When you thought you couldn’t love Charlie more, along comes an episode that showcases the best of this flawless blend of acting and writing. Poker Face Episode 7 is near perfect with its well-timed jokes and anxious moments. It’s rare that we actually feel like Charlie is in danger. It’s the nature of this lite show that relies on Natasha Lyonne’s immense talent. Things felt different this week, and Charlie felt vulnerable in a way she hasn’t since the first episode. Joe Lawson, whose brilliant BoJack Horseman defined what emotional comedy could be, wrote a fantastic episode that gave us everything we wanted from the series and things we didn’t even know we needed.

This revenge story is so meticulously written you won’t see the twist coming until it smacks you in the face. Labyrinthian and vicious, this is more The Cask of Amontillado mixed with a dash of Monkey’s Paw. Karma almost always gets you, as Justin Timberlake famously sang, What goes around, comes back around.” Poker Face Episode 7 brings us to the racetrack where rubbin’ is racin’, and all is fair with a ribbon on the line. Buckle up, race fans. You are in for a bumpy ride.

Poker Face Episode 7
POKER FACE — “The Future of the Sport” Episode 107 — Pictured: Tim Blake Nelson as Kyle Owens — (Photo by: Peacock)

The usual formula of murder introduction and then Charlie’s timely involvement got a revamp this week. That’s the thing about this entertaining show. It has some of the pieces of the best episodic mysteries, but they are mixed in fresh ways that keep things from getting stale. Like Murder She Wrote and Colombo, we get a new crime each week and watch as our hero solves it. The difference with Poker Face is we know who did it and how. We get to be inside the sarcastic mind of Charlie and watch as she figures it out. It’s a spin that is paying off. I could never get tired of watching Charlie suss out killers all while they stumble around, wondering how she could know so much.

Until now, Charlie has come in on the back side of a murder and had to get justice for the victim. In Poker Face Episode 7, she gets something potentially better than justice.

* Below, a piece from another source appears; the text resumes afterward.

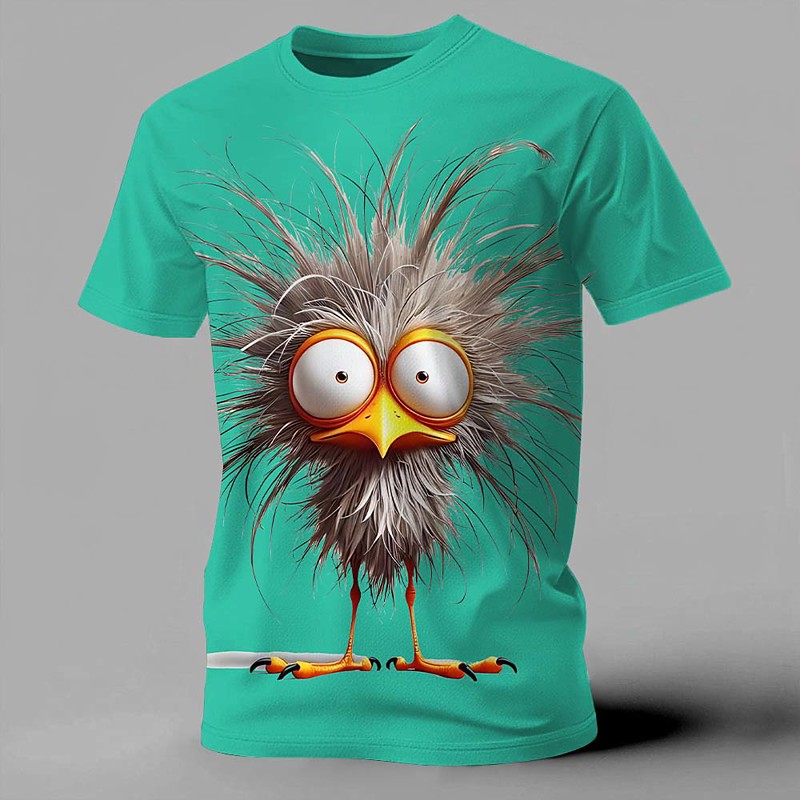 Funny Crazy Hair Bird 3D Graphic Print T Shirt Yellow Men Short Sleeve Crew Neck Casual Humorous Animal Tee Top Clothing Apparel S M L XL XXL XXXL

Charlie gets the best revenge for her victim, who fortunately does not die. The killer is free but is forced to live with the knowledge that you can’t outrace Karma, and when your flow is gone, there is no getting it back. Charlie didn’t put the killer behind bars, but she did do enough damage that they will never be the same.

Davis McDowell(Charles Melton, Riverdale) is the future of racing. He is handsome, fast, and social media savvy. Unfortunately, he also is a little bit of a dick. His rival is longtime racer and legacy winner Keith Owens(Tim Blake Nelson from Guillermo del Toro’s Cabinet of Curiosities). After McDowell beat him with a legal but irritating bump, Owens is determined to race one more time and retire on top. McDowell, who has more talent than sense, pokes the bear by filming a Tik Tok destroying Owens’ mailbox. Feeling disrespected and angry, Owens broke into McDowell’s garage and tampered with his race car. The next day when they race, McDowell crashes at full speed into the concrete barrier, and his car bursts into flames. But that’s not what happened.

Charlie gets involved when McDowell’s mom, Jean(Angel Desai), comes into her orbit. They are both working for Kamelot Karts, a fun park for kids near the racetrack. When Davis comes by to visit the kids, he stays to help out Charlie. The tough guy persona we thought we knew is a front for a sweeter guy who loves his family and is generous with his time. He spends the day with Charlie and even tries kissing her before Owens’ daughter Katy(Jasmine Aiyana Garvin) shows up and embarrasses him on the cart track. It’s a humiliating series of losses and explains why he was angry enough to show up at Owens’ house and destroy his property.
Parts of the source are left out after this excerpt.